▶ [Excerpted data]
__________

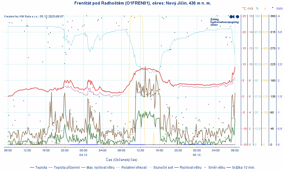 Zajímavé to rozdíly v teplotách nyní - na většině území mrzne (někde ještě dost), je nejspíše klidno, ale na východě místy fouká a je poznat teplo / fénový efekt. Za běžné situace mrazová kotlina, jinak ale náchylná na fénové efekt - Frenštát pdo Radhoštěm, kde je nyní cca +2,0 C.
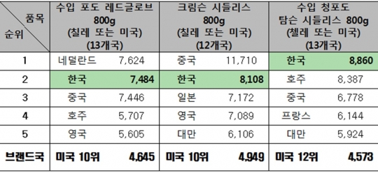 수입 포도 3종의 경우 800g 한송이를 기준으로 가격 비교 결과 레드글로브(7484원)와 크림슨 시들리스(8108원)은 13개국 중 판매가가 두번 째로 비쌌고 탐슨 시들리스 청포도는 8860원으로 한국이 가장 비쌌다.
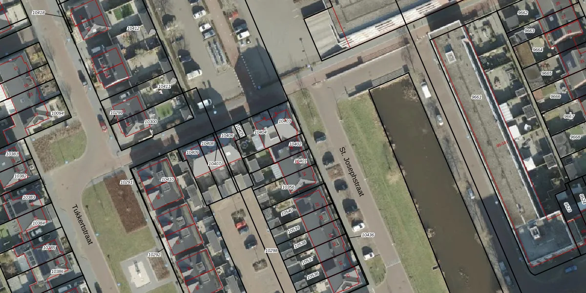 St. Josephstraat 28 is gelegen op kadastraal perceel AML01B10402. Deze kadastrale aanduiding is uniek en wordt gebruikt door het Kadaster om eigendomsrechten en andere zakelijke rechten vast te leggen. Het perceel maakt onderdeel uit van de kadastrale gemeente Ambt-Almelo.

__________

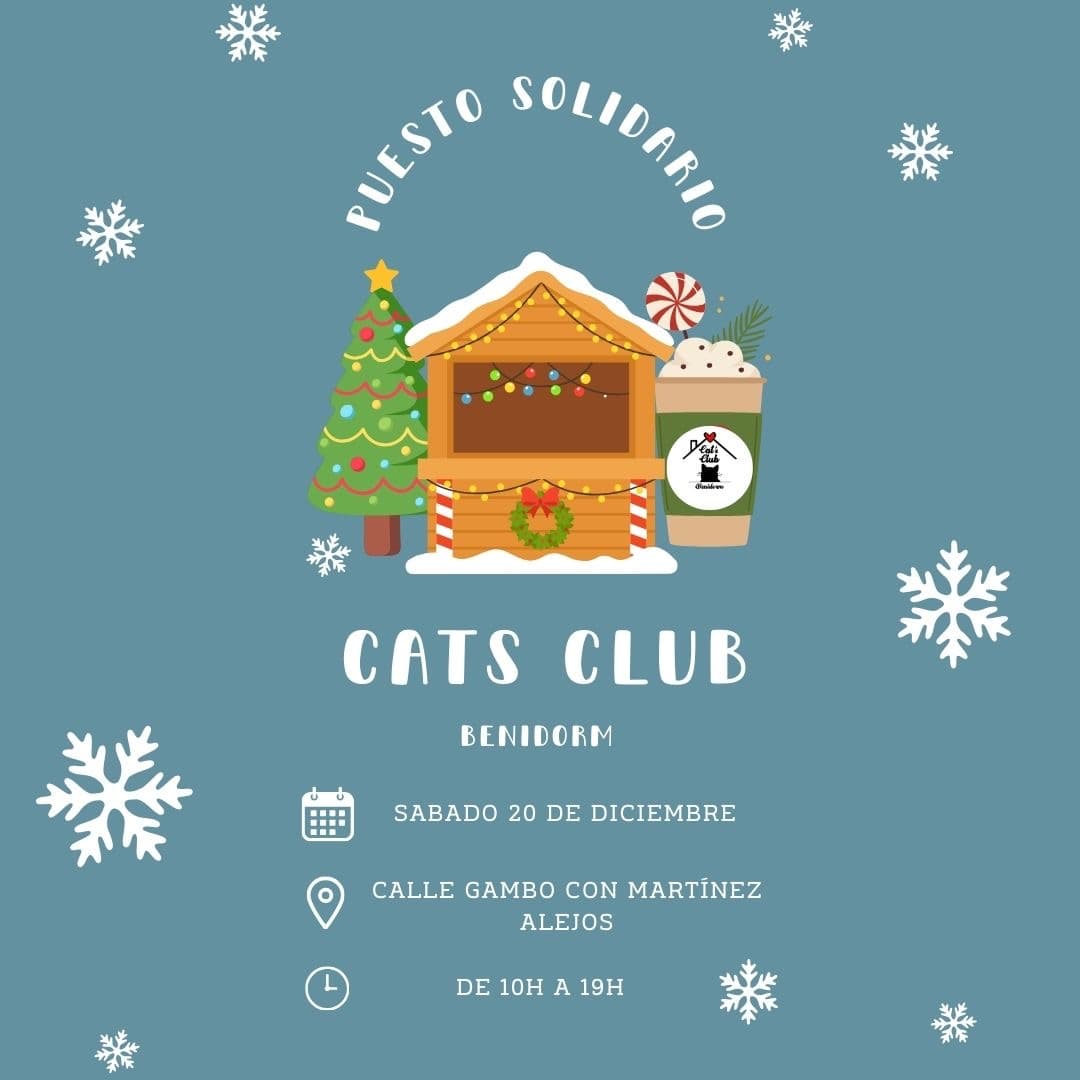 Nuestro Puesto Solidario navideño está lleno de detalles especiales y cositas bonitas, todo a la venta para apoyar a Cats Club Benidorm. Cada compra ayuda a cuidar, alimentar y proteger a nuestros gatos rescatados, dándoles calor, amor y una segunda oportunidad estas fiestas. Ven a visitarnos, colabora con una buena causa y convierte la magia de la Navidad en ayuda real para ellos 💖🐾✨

__________

▶ [Task to complete]
The material above holds pictures; leave them out and set down exactly the lines from the line with "Zajímavé to rozdíly" to the line with "수입 포도 3종의 경우", both included.

▶ [Expected answer]
 Zajímavé to rozdíly v teplotách nyní - na většině území mrzne (někde ještě dost), je nejspíše klidno, ale na východě místy fouká a je poznat teplo / fénový efekt. Za běžné situace mrazová kotlina, jinak ale náchylná na fénové efekt - Frenštát pdo Radhoštěm, kde je nyní cca +2,0 C.
 수입 포도 3종의 경우 800g 한송이를 기준으로 가격 비교 결과 레드글로브(7484원)와 크림슨 시들리스(8108원)은 13개국 중 판매가가 두번 째로 비쌌고 탐슨 시들리스 청포도는 8860원으로 한국이 가장 비쌌다.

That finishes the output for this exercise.